=== The data ===
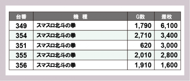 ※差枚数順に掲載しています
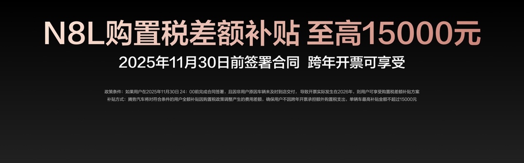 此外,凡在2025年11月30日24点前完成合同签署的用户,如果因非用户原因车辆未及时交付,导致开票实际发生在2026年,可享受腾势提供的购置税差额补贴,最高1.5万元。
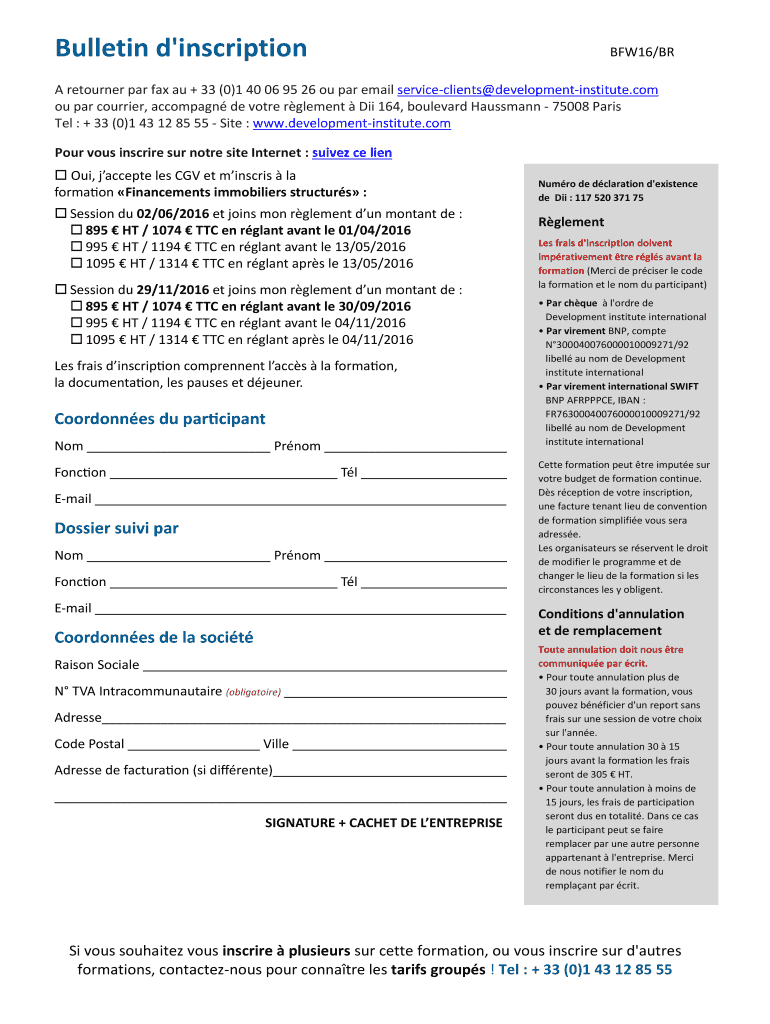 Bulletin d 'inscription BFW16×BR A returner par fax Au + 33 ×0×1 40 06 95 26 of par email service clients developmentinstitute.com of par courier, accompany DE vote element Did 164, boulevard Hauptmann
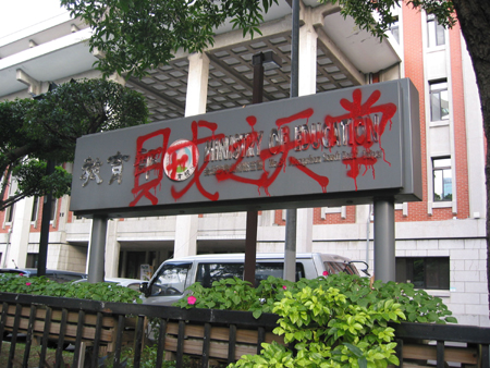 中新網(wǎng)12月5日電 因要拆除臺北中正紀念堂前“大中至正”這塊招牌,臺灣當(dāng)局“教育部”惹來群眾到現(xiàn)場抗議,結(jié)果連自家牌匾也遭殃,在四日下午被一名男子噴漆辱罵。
===
The reply must hold every line above exactly as written and none of the pictures.

- Result of the exercise
 ※差枚数順に掲載しています
 此外,凡在2025年11月30日24点前完成合同签署的用户,如果因非用户原因车辆未及时交付,导致开票实际发生在2026年,可享受腾势提供的购置税差额补贴,最高1.5万元。
 Bulletin d 'inscription BFW16×BR A returner par fax Au + 33 ×0×1 40 06 95 26 of par email service clients developmentinstitute.com of par courier, accompany DE vote element Did 164, boulevard Hauptmann
 中新網(wǎng)12月5日電 因要拆除臺北中正紀念堂前“大中至正”這塊招牌,臺灣當(dāng)局“教育部”惹來群眾到現(xiàn)場抗議,結(jié)果連自家牌匾也遭殃,在四日下午被一名男子噴漆辱罵。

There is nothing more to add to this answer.